Alternative Therapies for Multiple Sclerosis
Nearly 60% of people with multiple sclerosis try some form of nontraditional therapy. Sometimes these approaches can be very helpful, but be sure to talk with your doctor so you’ll know what to avoid. Some popular dietary supplements, including echinacea, garlic, and ginseng, can worsen MS symptoms by overstimulating the immune system. The following therapies have shown some promise:
- K Antioxidants. Because the nerve damage of MS is partly due to oxidation, antioxidants may make sense. In addition to plenty of fruits and vegetables, try vitamin A, C, and E supplements, as well as coenzyme Q10, grape seed extract, and N-acetylcysteine (NAC).

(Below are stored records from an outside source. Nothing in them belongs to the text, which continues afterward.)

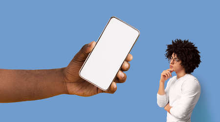 Pensive black guy looking at big white empty smartphone screen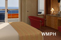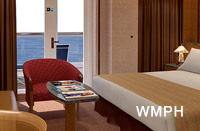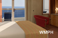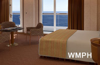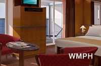 Occupancy: Up to 2 guests (some sleep 3) You are guaranteed at least a Category 11 mini-suite, which feature a private balcony, large sitting area, convertible sofa, one queen-size bed, walk-in closet with wall safe, private bathroom with ... Read More You are guaranteed at least a Category 11 mini-suite, which feature a private balcony, large sitting area, convertible sofa, one queen-size bed, walk-in closet with wall safe, private bathroom with Jacuzzi tub and shower, minibar, TV with VCR and first-run movies, and telephone. Please note your stateroom number will be given to you at check-in. Read Less Cabin Size: 185 sq ft Balcony Size: 40 - 85 sq ft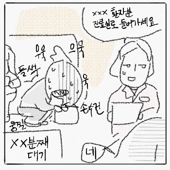 빨리 진료를 받고 집에 돌아가고 싶은 마음이 굴뚝같았다. 그 마음이 물질로 형상화되어 목구멍을 탈출하려고 움찔거렸고, 화장실을 몇 차례 들락거리며 무에서 유를 창조하는 연금술을 펼쳤다. 자리에 돌아올 때마다 간호사들의 표정은 점점 안 좋아졌다.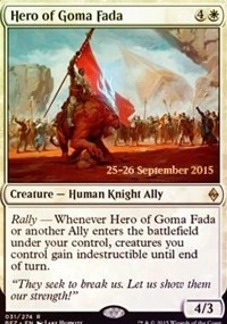 | Oracle Text | Rally -- Whenever Hero of Goma Fada or another Ally enters the battlefield under your control, creatures you control gain indestructible until end of turn. | ||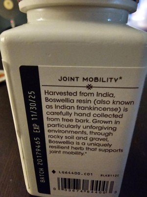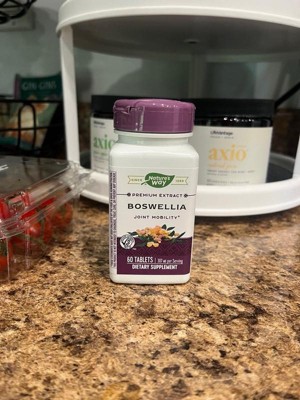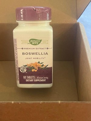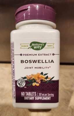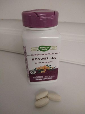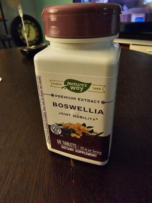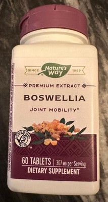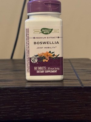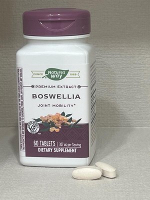[This review was collected as part of a promotion.] I have taken Nature's Way supplements before but never boswellia. This dietary supplement is to aid in joint mobility. The bottle contains 60 tablets and you take 1 tablet three times daily with food and water. This is a very easy to swallow pill, partly due to its shape. I think it helped me with my joint mobility and it was easy to take. As with all supplements, check to make sure they don't interfere with anything else you may be taking.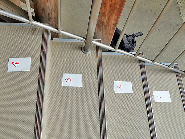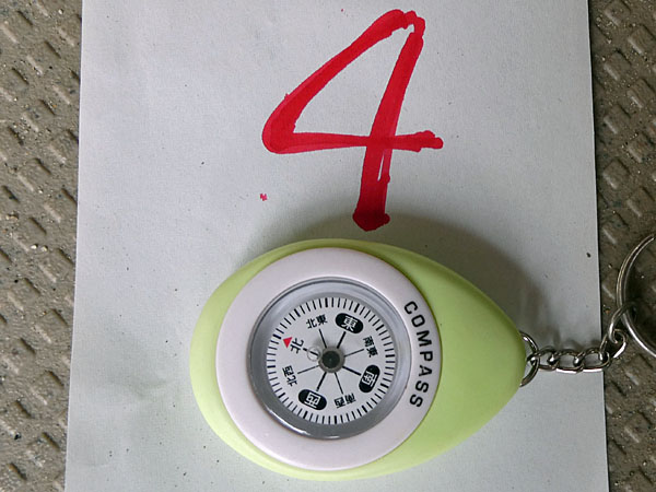 方位が変わる点は「本殿階段の下から3段目右端付近」という情報をもとに、その場所に直行し上下数点を測定しました。確かに地点3付近で、約90度方位指示が変わることを確認できました。磁気ゼロかどうかは「ガウスメータ」という測定器が必要ですので明確ではありませんが、方位は変わりますので「磁束密度」も変わっているとは推測できます。(地点1&4は、他の離れた場所と同じ方位指示です)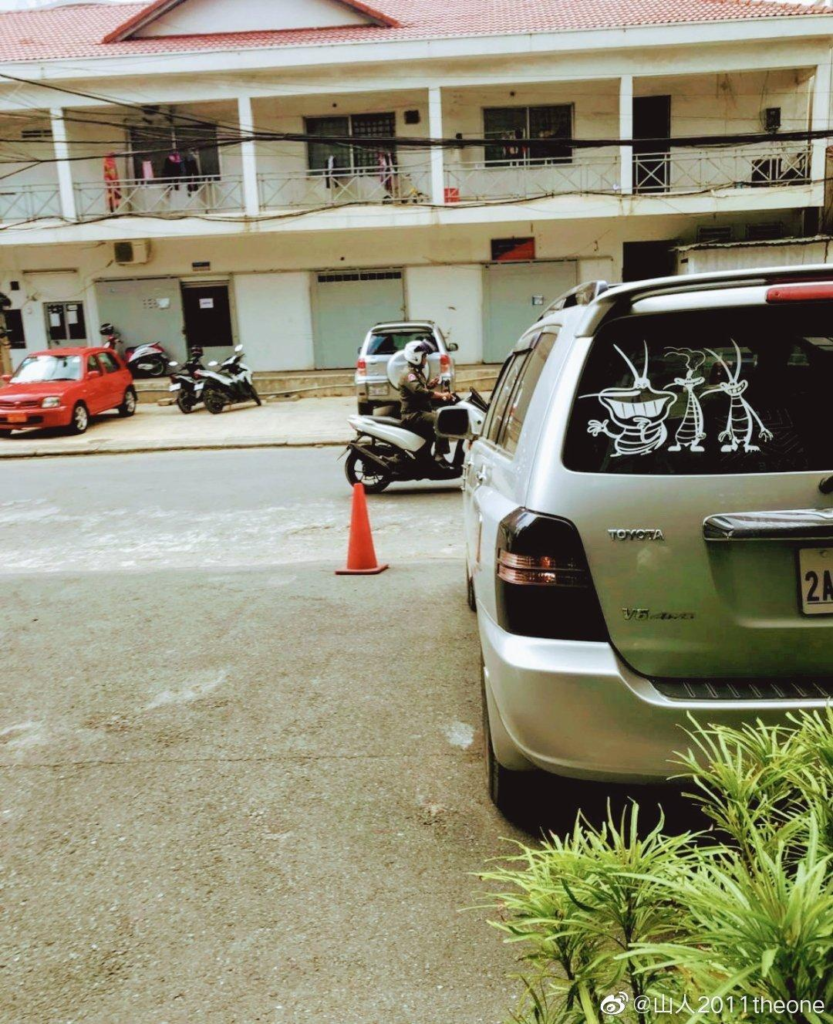 (注:配有照片,丰田车后窗显示法国动画片人物《肥猫大战三小强》。)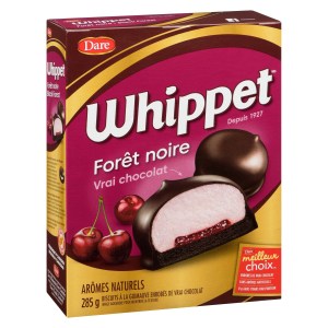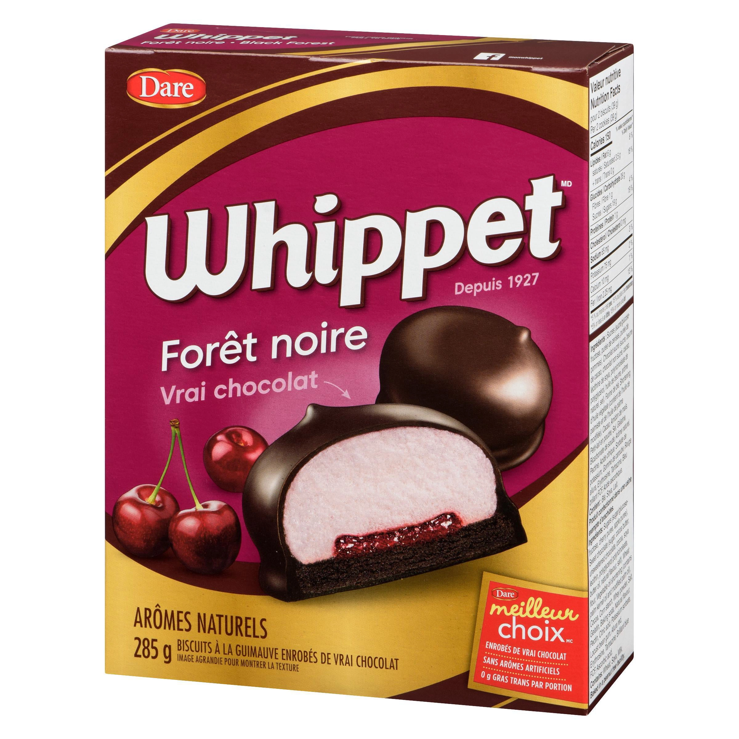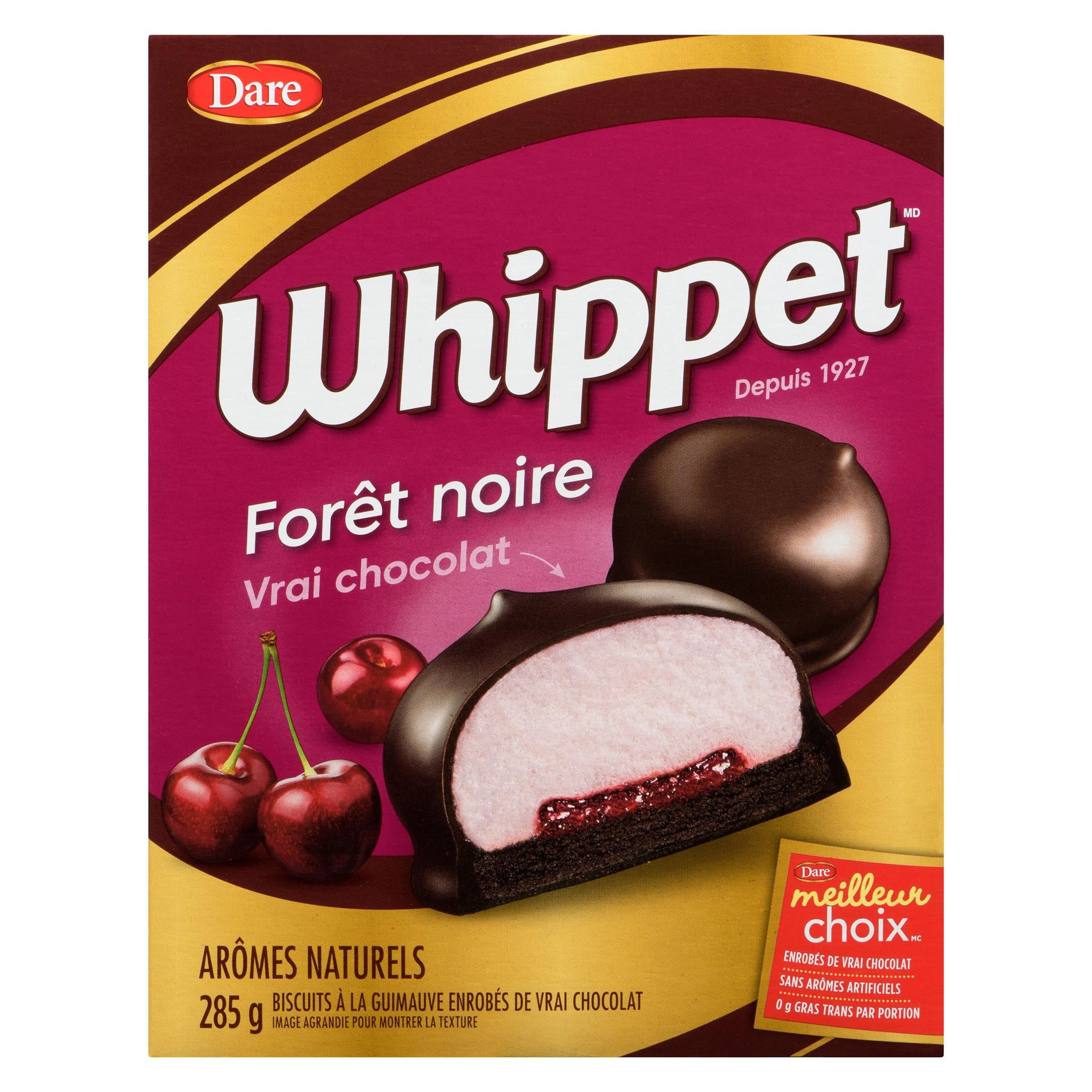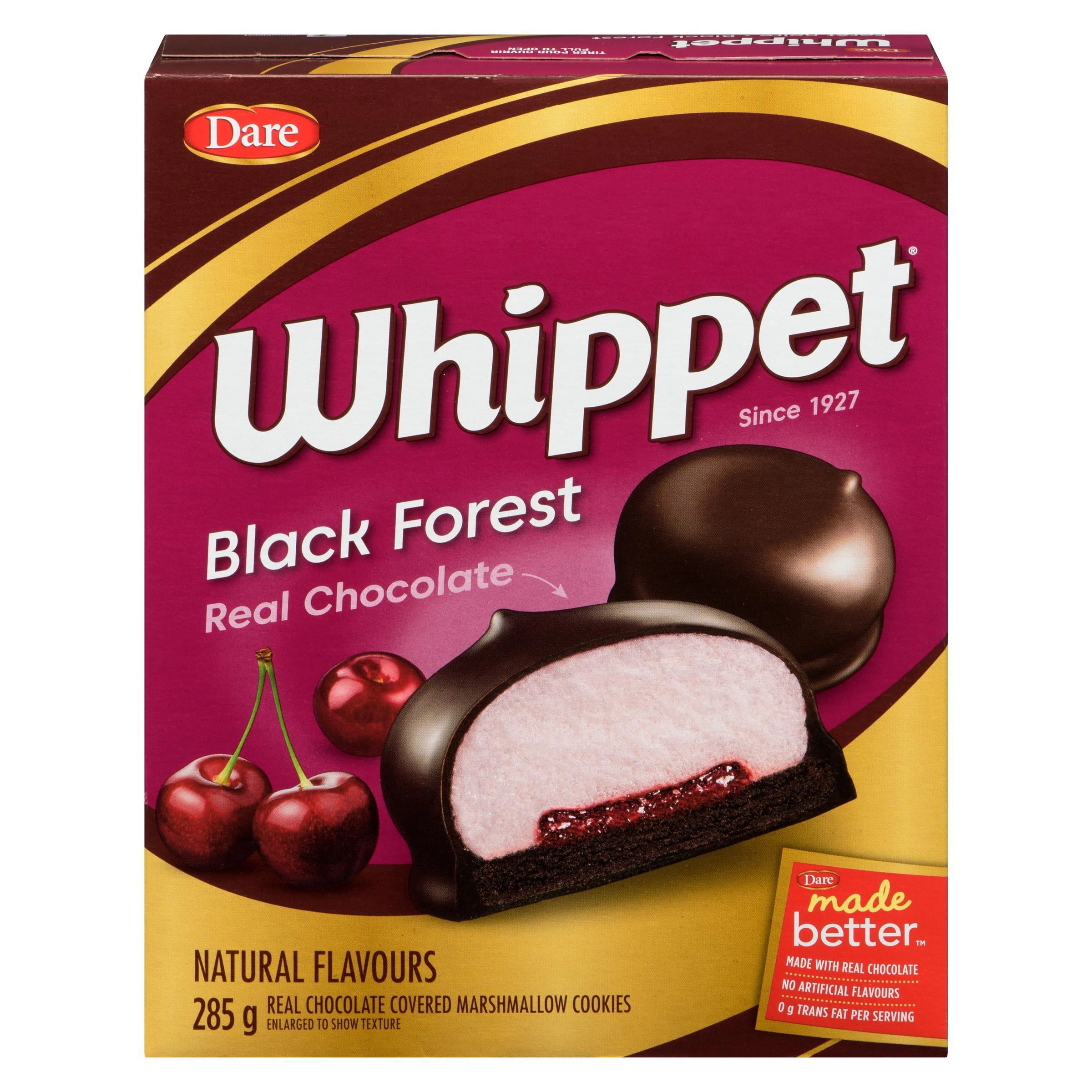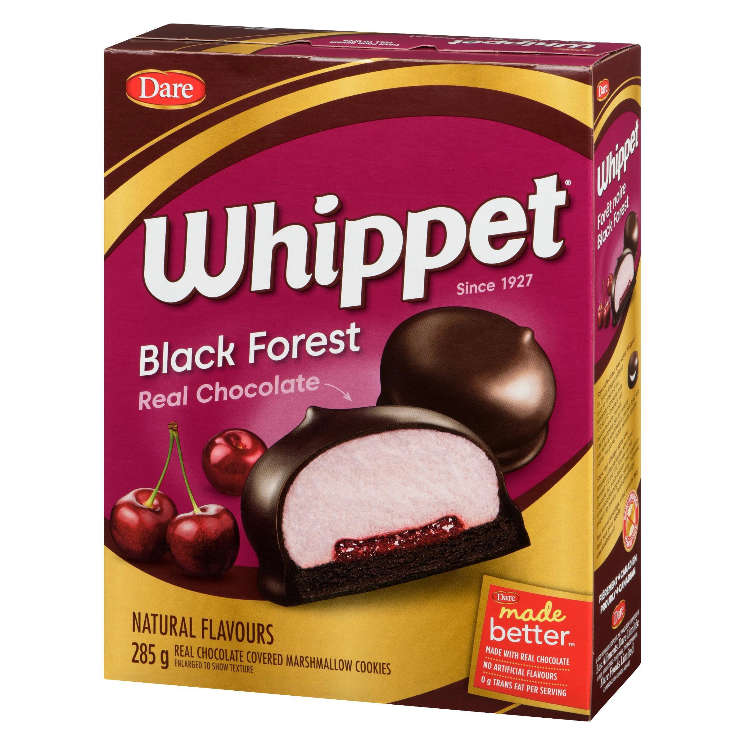 Indulge in the irresistible Whippet Black Forest Chocolate Covered Mashmallow Cookies. These decadent treats feature a chewy marshmallow with a rich cherry center, a soft cookie base, and a real chocolate coating. Perfect for satisfying your sweet tooth, these cookies are the ultimate after-dinner delight.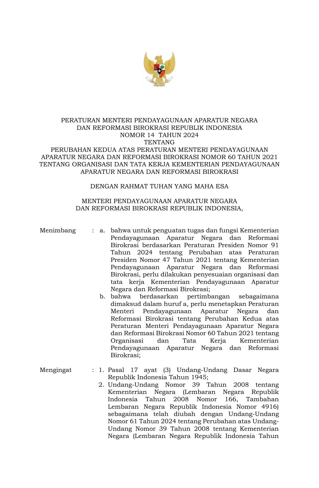 PERMEN Nomor 14 Tahun 2024 | Peraturan Menteri Nomor 14 Tahun 2024 tentang Perubahan Kedua atas Peraturan Menteri Pendayagunaan Aparatur Negara dan Reformasi Birokrasi Nomor 60 Tahun 2021 tentang Organisasi dan Tata Kerja Kementeri Pendayagunaan Aparatur Negara dan Reformasi Birokrasi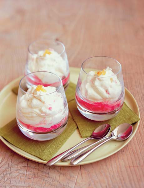 When the mixture has cooled, remove 2 tablespoonfuls to a separate bowl and mash with a fork. In another bowl, whip the mascarpone and cream together with the icing sugar and when the mixture forms soft peaks, fold in the mashed rhubarb and ginger mixture.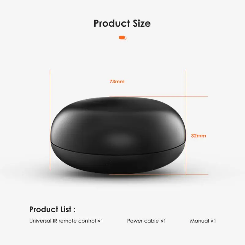 Основные функции: дистанционное управление через мобильный телефон App, голосовое управление через Alexa и Google Home, поддержка всех бытовых приборов, которые используют инфракрасный сигнал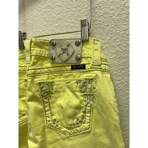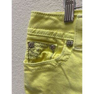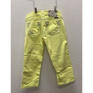 Miss Me Jeans Womens Size 27 Capri Neon Yellow Beaded Embroidered.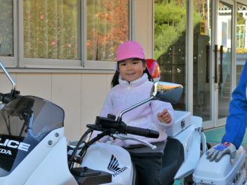 実際に乗せてもらったり、お話を聞いたり・・・警察の方々が優しく接してくれたので、こどもたちには、楽しいひと時となりましたsmiley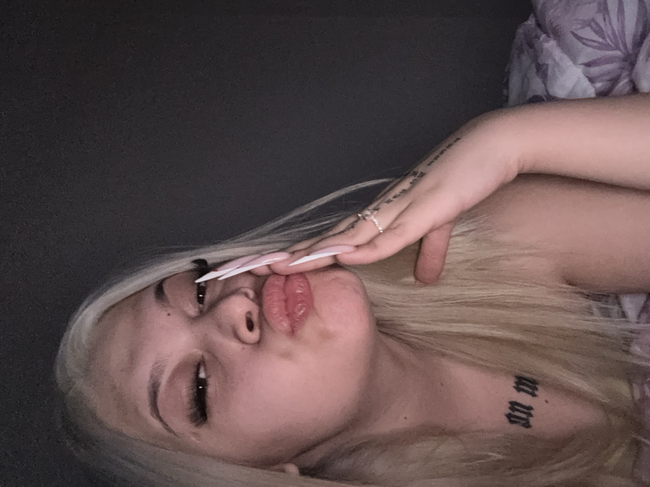 A young female with long, straight, bleached blonde hair is depicted from the upper torso, centered in a close-up, dimly lit indoor photograph

- Acupuncture. Many report this ancient Chinese therapy helps lessen symptoms. Find a licensed practitioner experienced with MS.
- Magnesium. This mineral may help reduce uncomfortable muscle spasms that often accompany MS.
- Essential fatty acids. Flaxseed oil and evening primrose oil, both fatty acids, may help protect the myelin sheath.
Questions for Your Doctor
- Does my condition merit seeing an MS specialist?
- How long will I be able to continue with my usual activities?
- Do you know of any clinical trials that might be appropriate for me?
- How do I know if a particular product or program is bogus?
- Are there support groups that my family can join?
- Do any of the special MS diets work?
Living with Multiple Sclerosis
If you’re living with multiple sclerosis, here are a few quick tips to help you take control:
- Consider taking part in a clinical trial (there are usually a dozen or so for MS at any one time).
- Don’t ignore pain. Pain is the “hidden symptom” of MS and may not be adequately treated. Because pain can really affect the quality of your life, be sure your doctor knows you’re experiencing it and it is treated accordingly.
- Get a flu shot. Flu-related fever means overheating, which worsens MS symptoms.
- De-stress. Too much stress is usually harmful to people with multiple sclerosis. One study found a connection between increased levels of stress (both everyday hassles and major life events) and new nerve damage in the brain.